Data entries:
----------

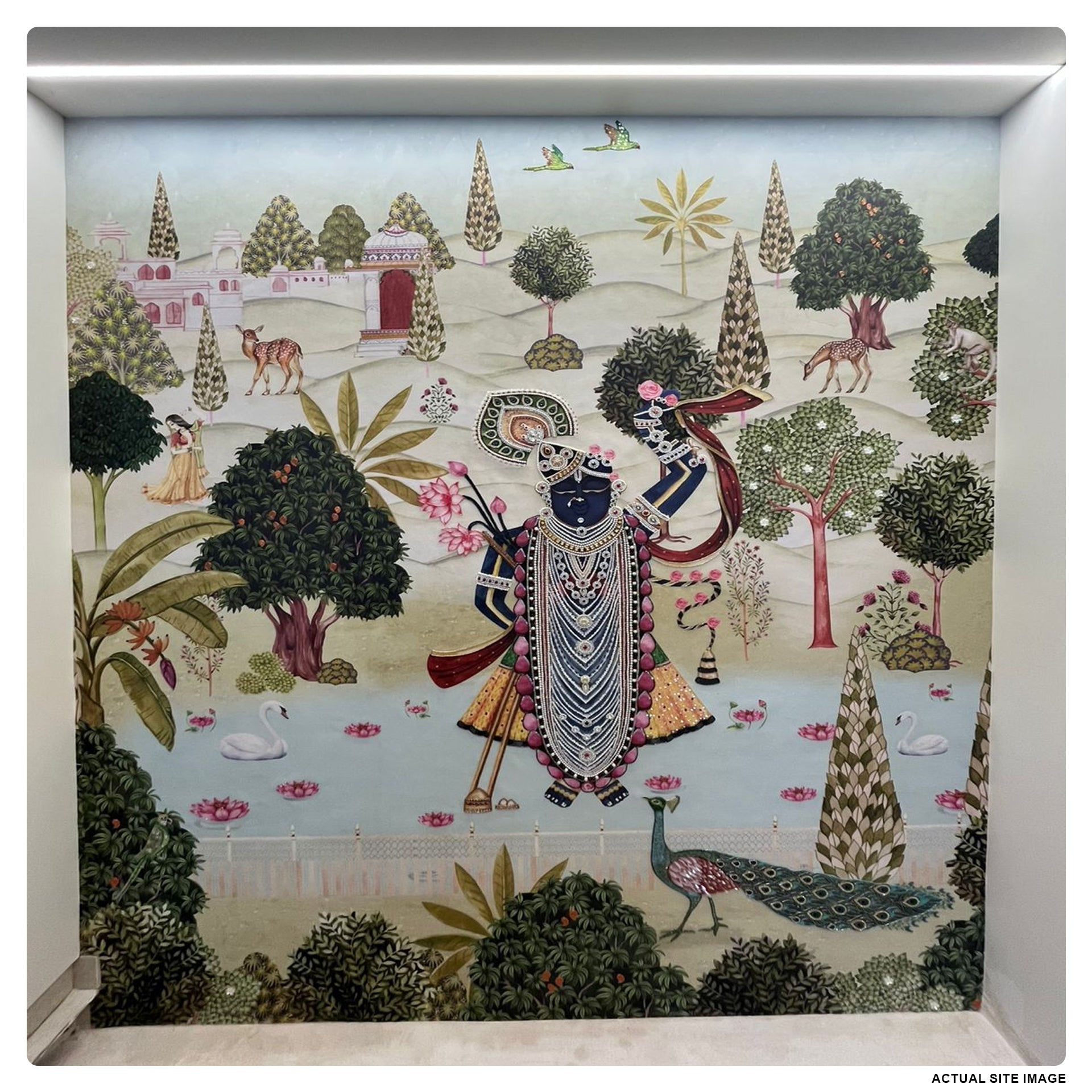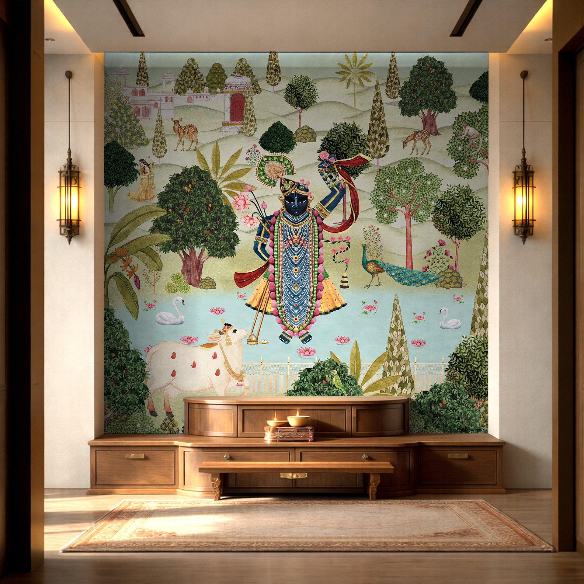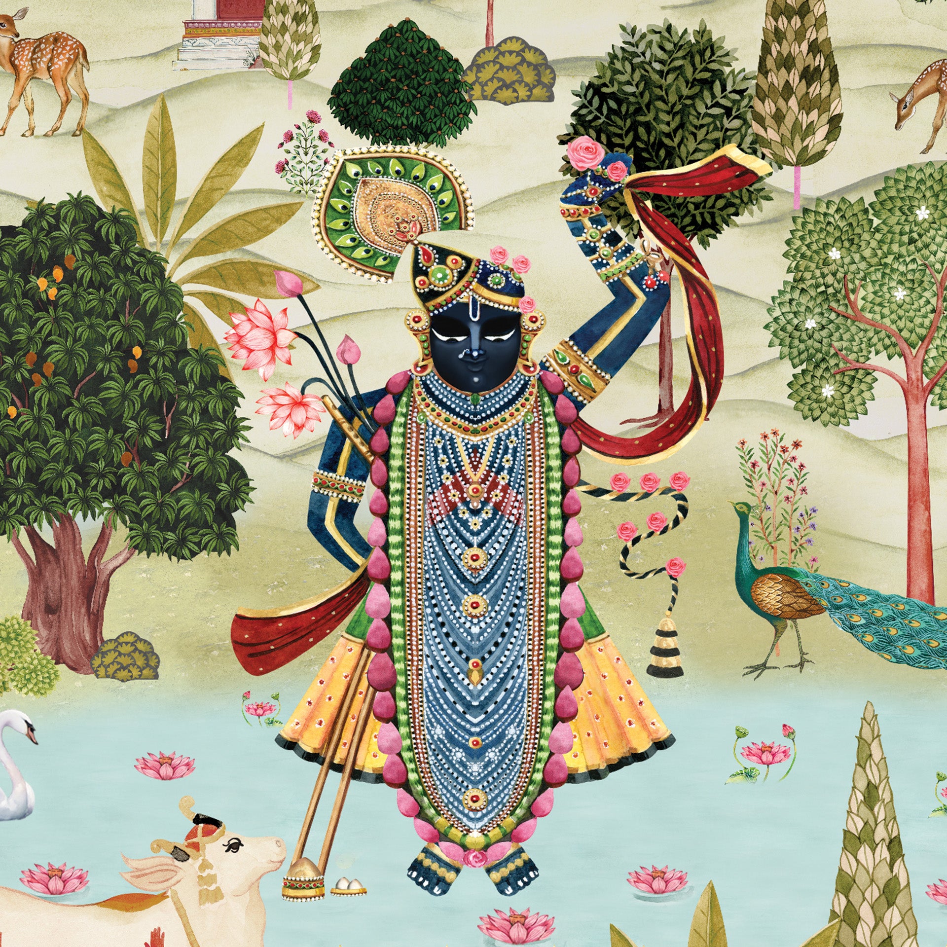 Ornate Krishna depiction in a traditional Indian miniature painting style, showing the deity beside a sacred cow, peacock and lotus pond surrounded by lush trees, deer and a serene palace landscape.
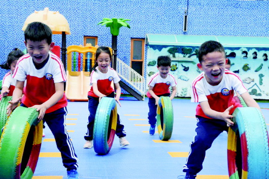 天桥实验幼儿园关注幼儿的身体健康发展,根据幼儿园现有的场地条件,合理规划时间、空间,实现了“小院落 大运动”全员健康教育实践。购置了大批适宜的体育器械,制定出了不同年龄段幼儿体能发展培养计划,并扎实开展丰富多彩的体育游戏和训练活动,保证幼儿每天户外两小时以上。孩子们的体育锻炼以每天清晨的“快乐跑酷”拉开序幕,动感的早操、创新的一物多玩、富有文化底蕴的传统户外游戏为幼儿提供了充足的户外游戏素材。同时,幼儿园还开设了快乐体操园本课程,并成功加入“全国快乐体操试点实验园”,孩子们在专业教师的引导下,通过多种大型器械的组合,在快乐的氛围中增强体质、塑造形体、培养品格和优雅气质。
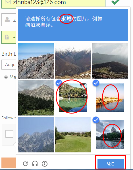 2、点击“进行人机身份验证”后会弹出如下图验证。我们按照提示选择相关图片,然后点击验证。
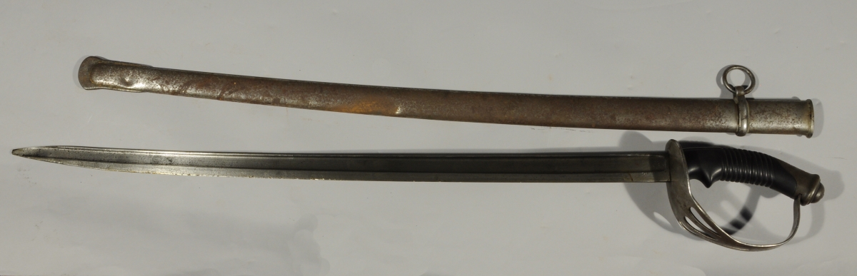 CHILI. SABRE de cavalerie lourde. Monture, garde à coquille. Lame droite à pans creux. Fourreau en tôle de fer à un bracelet.
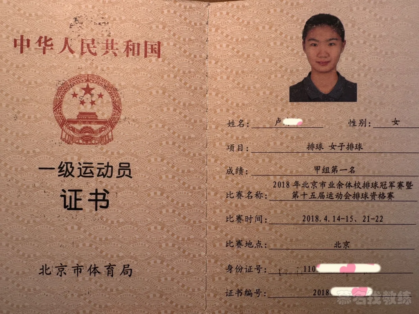 1. 国家排球一级运动员
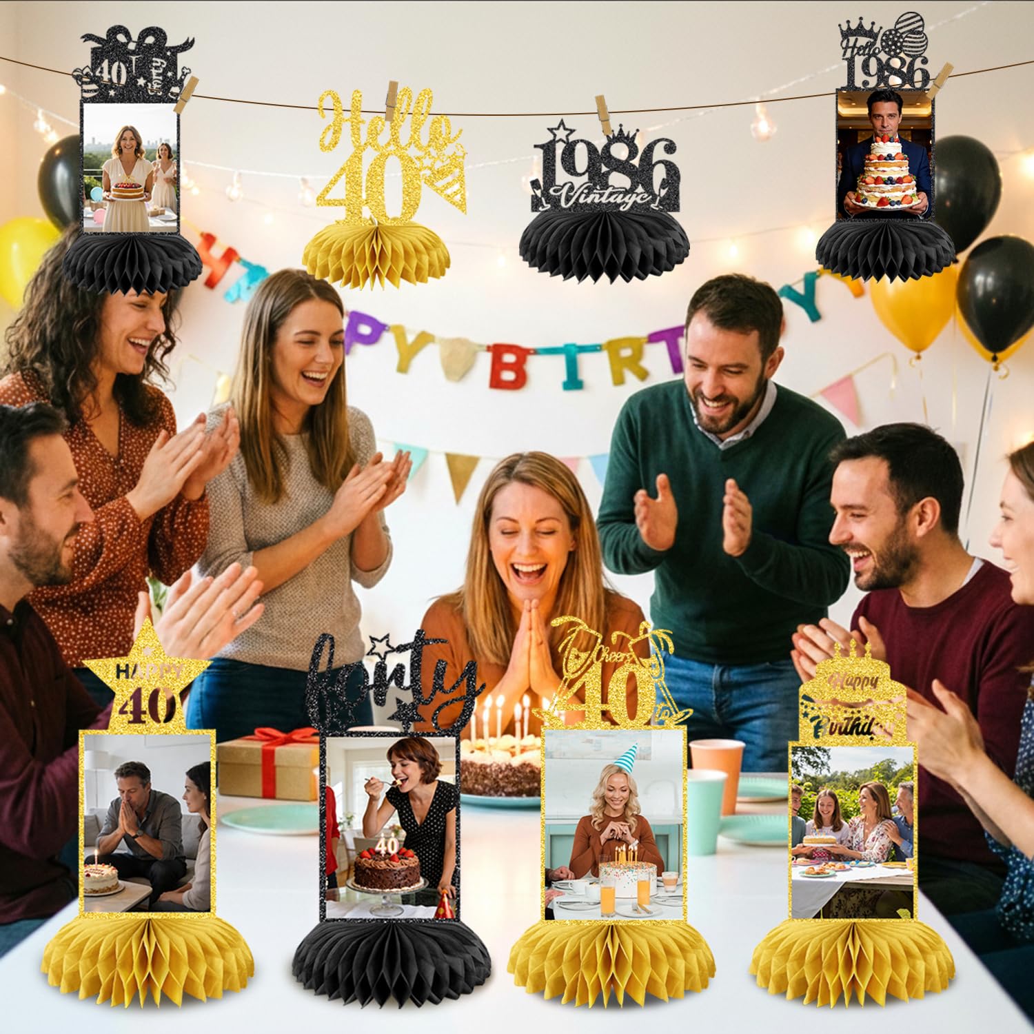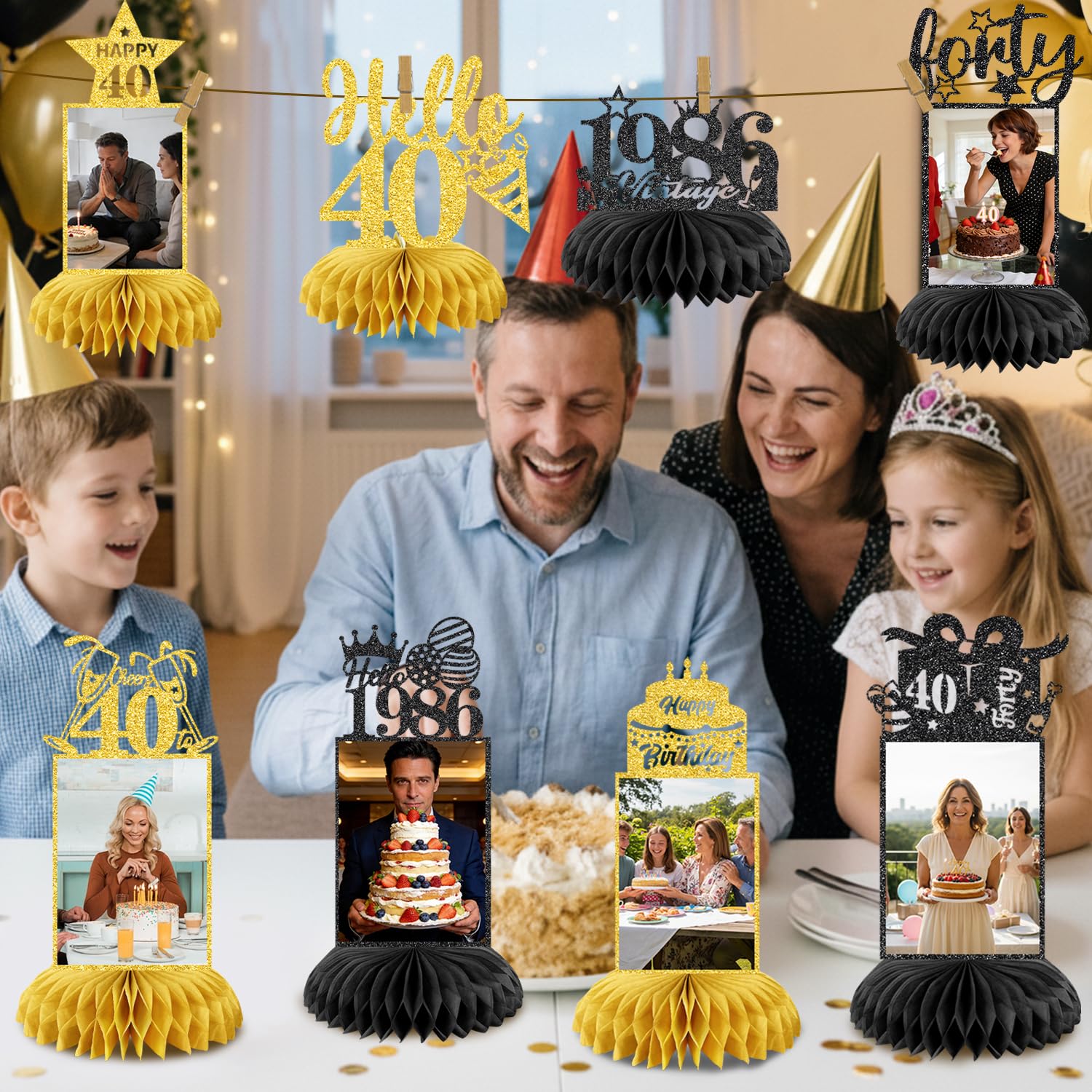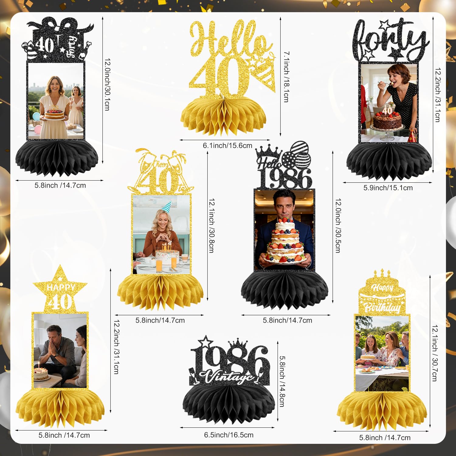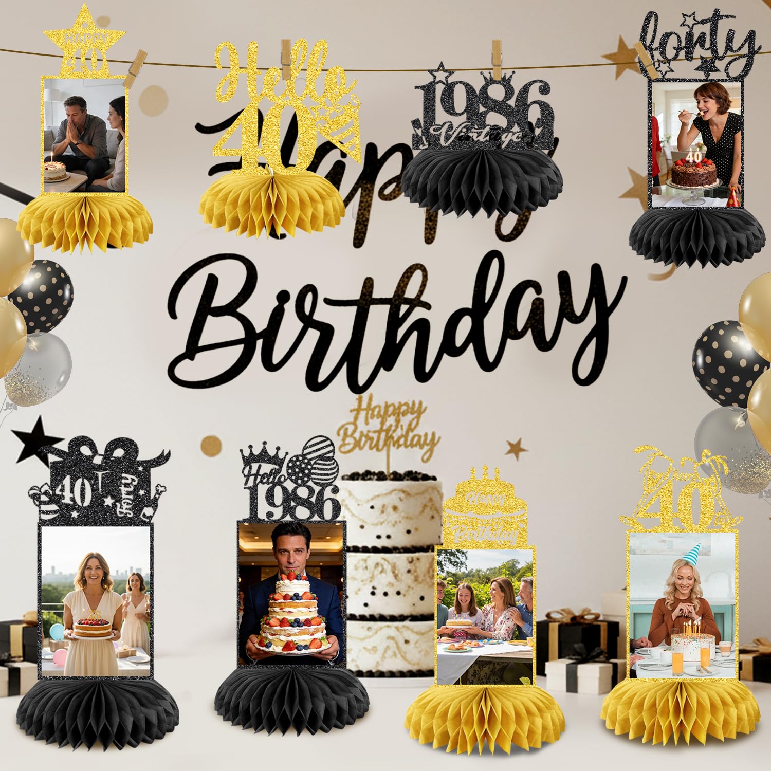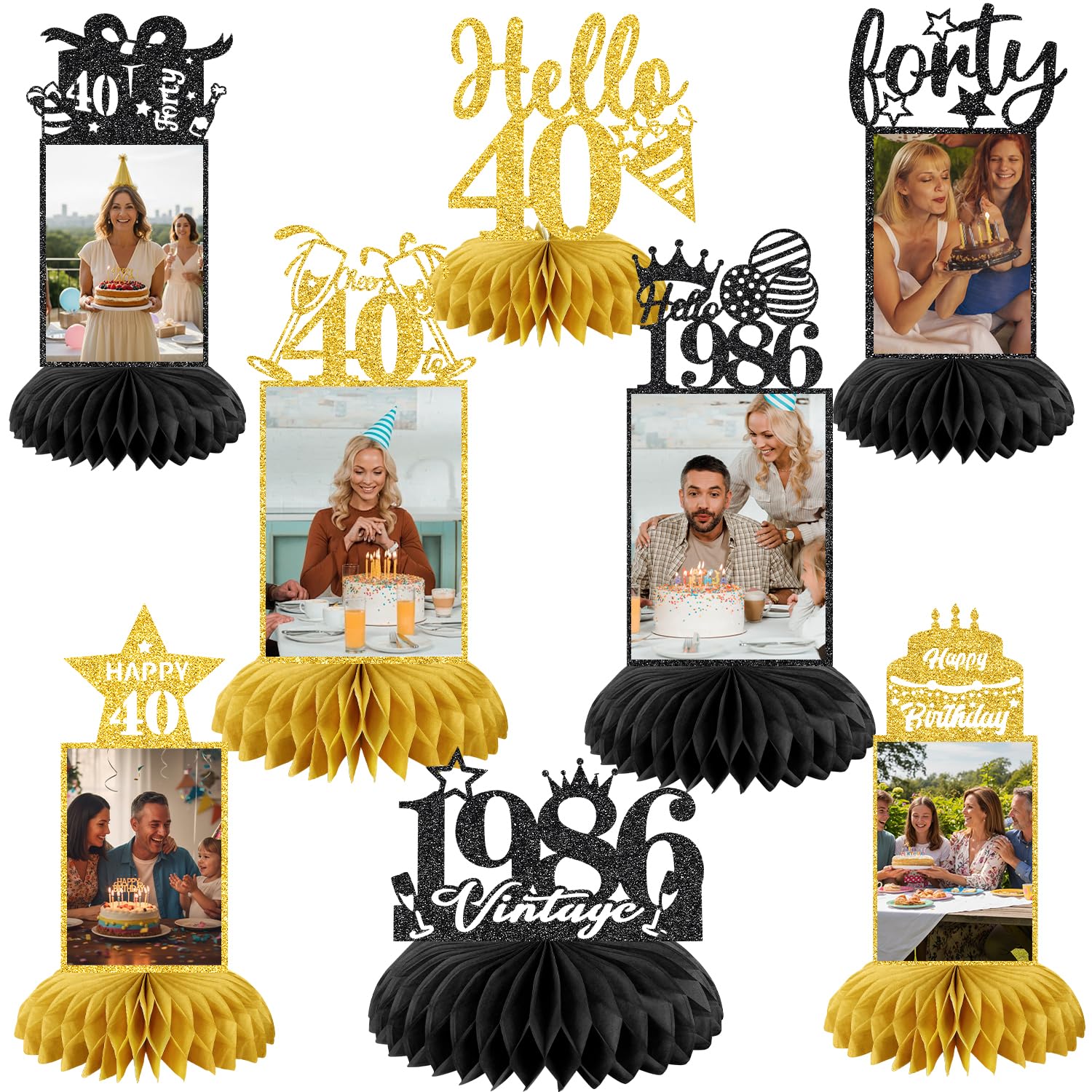 💖40th BIRTHDAY PACKAGE INCLUDES: Our 40th birthday decorations including 8 patterned cardboard and 16 paper honeycombs. These decorations exquisitely designed with interesting birthday elements. It is very suitable as a decoration for your 40th birthday party decorations, you can place it on the table or hang it with a clip
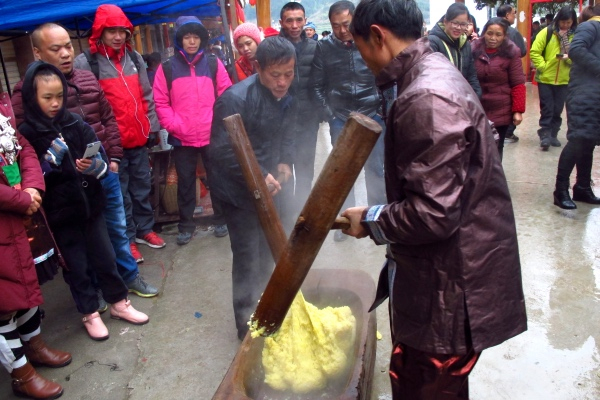 打年粑也是侗族过年必不可少的年俗,年粑就是糯米煮熟后,打成的圆形年糕。不论田多田少,侗民每家都会种一些糯稻,留至过年以备打糍粑用。年耙用来祭祖,招待客人,送礼都要用到。
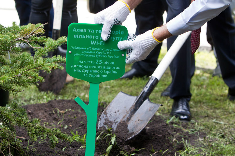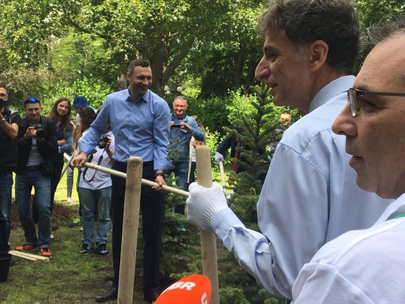 Мэр Киева Виталий Кличко вместе с послом Израиля в Украине Элиавом Белоцерковским высадил Аллею Израиля в Мариинском парке.
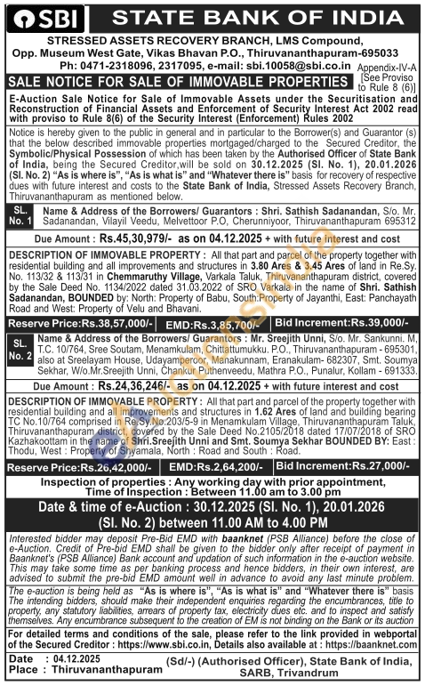 DESCRIPTION OF IMMOVABLE PROPERTY: All that part and parcel of the property together with residential building and all improvements and structures in 1.62 Ares of land and building bearing TC No.10/764 comprised in Re.Sy.No.203/5-9 in Menamkulam Village, Thiruvananthapuram Taluk, Thiruvananthapuram district, covered by the Sale Deed No.2105/2018 dated 17/07/2018 of SRO Kazhakoottam in the name of Shri. Sreejith Unni and Smt. Soumya Sekhar BOUNDED BY: East: Thodu, West: Property of Shyamala, North Road and South: Road

----------

Aim of the exercise: Your reply should hold nothing but the lines above, from the one containing "1. 国家排球一级运动员" to the one containing "Мэр Киева Виталий", reproduced exactly minus the pictures.

Solution for this problem:
 1. 国家排球一级运动员
 💖40th BIRTHDAY PACKAGE INCLUDES: Our 40th birthday decorations including 8 patterned cardboard and 16 paper honeycombs. These decorations exquisitely designed with interesting birthday elements. It is very suitable as a decoration for your 40th birthday party decorations, you can place it on the table or hang it with a clip
 打年粑也是侗族过年必不可少的年俗,年粑就是糯米煮熟后,打成的圆形年糕。不论田多田少,侗民每家都会种一些糯稻,留至过年以备打糍粑用。年耙用来祭祖,招待客人,送礼都要用到。
 Мэр Киева Виталий Кличко вместе с послом Израиля в Украине Элиавом Белоцерковским высадил Аллею Израиля в Мариинском парке.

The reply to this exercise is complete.